JEMPERLI Concentrate for solution for infusion Ref.[27949] Active ingredients: Dostarlimab

Source: European Medicines Agency (EU)  Revision Year: 2022  Publisher: GlaxoSmithKline (Ireland) Limited, 12 Riverwalk, Citywest Business Campus, Dublin 24, Ireland

5.1. Pharmacodynamic properties

Pharmacotherapeutic group: Anti-neoplastic agents, monoclonal antibodies
ATC code: L01XC40

Mechanism of action

Dostarlimab is a humanised mAb of the IgG4 isotype that binds to PD-1 receptors and blocks the interactions of binding with its ligands PD-L1 and PD-L2. The inhibition of PD-1 pathway-mediated immune response results in inhibition of T-cell function such as proliferation, cytokine production, and cytotoxic activity. Dostarlimab potentiates T-cell responses, including anti-tumour immuno responses through blockade of PD-1 binding to PD-L1 and PD-L2. In syngeneic mouse tumour models, blocking PD-1 activity resulted in decreased tumour growth.

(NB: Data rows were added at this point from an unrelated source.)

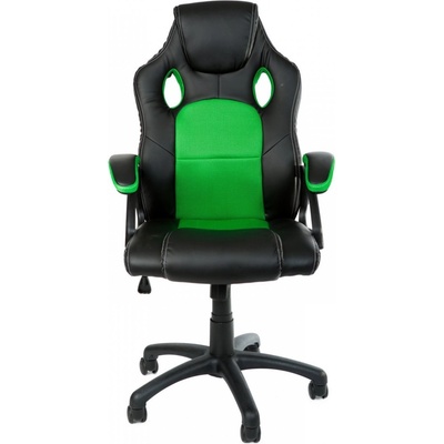 Otočné kancelářské křeslo Racing design zelené / černé Vysoce kvalitní syntetická kůže Otočná kancelářská židle Atraktivní sportovní racing design V opěradle intergrovaná opěrka hlavy Stabilní zakřivené područky s měkkými polštářky pro podporu Mechanismus plynulého...
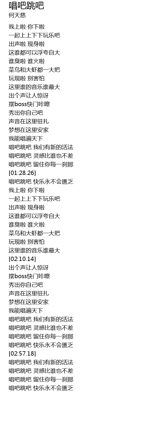 | [01:29.09] | chàng ba tiào ba kuài lè yǒng bú huì kuì fá |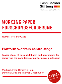Markus Ellmer hat gemeinsam mit Dominik Klaus, Benjamin Herr (beide Universität Wien) und Thomas Gegenhuber (Leuphana Universität Lüneburg) für die Hans-Böckler-Stiftung aktuelle Debatten und Ansätze in einer Literaturstudie zusammengefasst, welche zum Ziel haben, die Bedingungen von PlattformarbeiterInnen in Europa zu verbessern.

Clinical efficacy and safety

The efficacy and safety of JEMPERLI were investigated in the GARNET study, a multicentre, uncontrolled, multiple parallel cohort, open-label study. The GARNET study included expansion cohorts in subjects with recurrent or advanced solid tumours who have limited available treatment options. Cohort A1 enrolled patients with mismatch repair deficient (dMMR)/microsatellite instability-high (MSI-H) EC who have progressed on or after a platinum-containing regimen.

Patients received 500 mg dostarlimab every 3 weeks for 4 cycles followed by 1000 mg dostarlimab every 6 weeks. Treatment continued until unacceptable toxicity or disease progression for up to two years.

The major efficacy outcome measures were objective response rate (ORR) and duration of response (DOR) as assessed by blinded independent central radiologists' (BICR) review according to response evaluation criteria in solid tumours (RECIST) v 1.1. The efficacy population was defined as patients who had measurable disease by BICR at baseline and had minimum of 24 weeks follow-up or had less than 24 weeks of follow-up and discontinued due to adverse events or disease progression.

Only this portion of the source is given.